With the pictures left out, restate exactly the part below that opens with the line containing "Comoda Milão Quarto" and closes with the line containing "Highlights the candles".

===== Entries shown

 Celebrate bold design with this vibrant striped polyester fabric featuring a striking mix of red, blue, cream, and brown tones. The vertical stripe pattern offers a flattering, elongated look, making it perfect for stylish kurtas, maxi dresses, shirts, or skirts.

==========
===== Entries shown

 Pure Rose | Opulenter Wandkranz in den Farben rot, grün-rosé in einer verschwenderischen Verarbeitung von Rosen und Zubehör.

==========
===== Entries shown

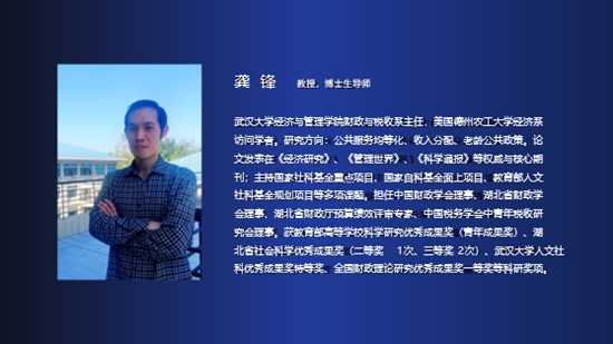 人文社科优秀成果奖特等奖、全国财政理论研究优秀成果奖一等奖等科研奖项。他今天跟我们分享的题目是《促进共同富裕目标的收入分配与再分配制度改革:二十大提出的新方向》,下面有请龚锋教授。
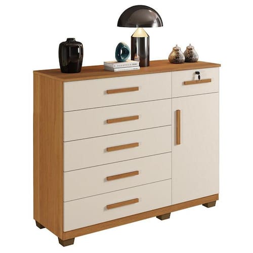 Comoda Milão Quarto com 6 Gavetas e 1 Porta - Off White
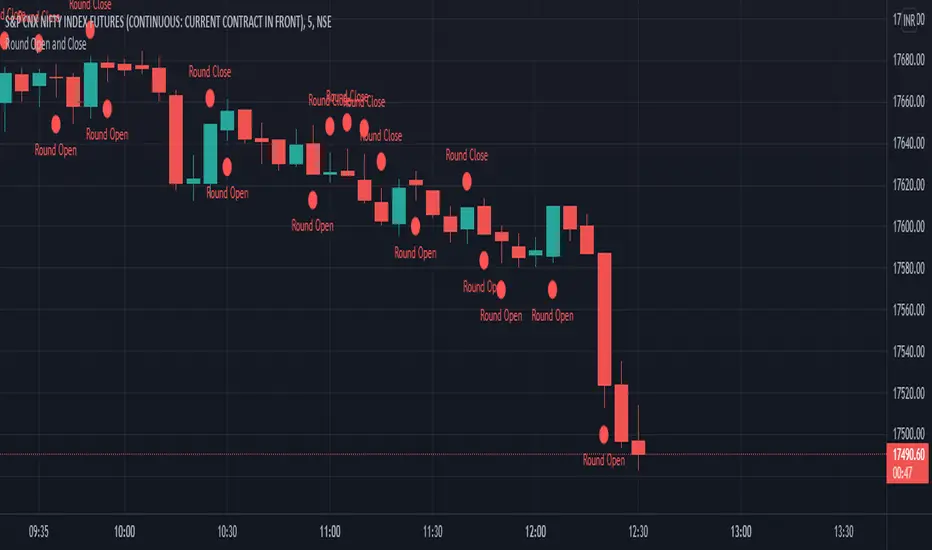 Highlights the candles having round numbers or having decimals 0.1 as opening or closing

==========

Task answer >>
 Comoda Milão Quarto com 6 Gavetas e 1 Porta - Off White
 Highlights the candles having round numbers or having decimals 0.1 as opening or closing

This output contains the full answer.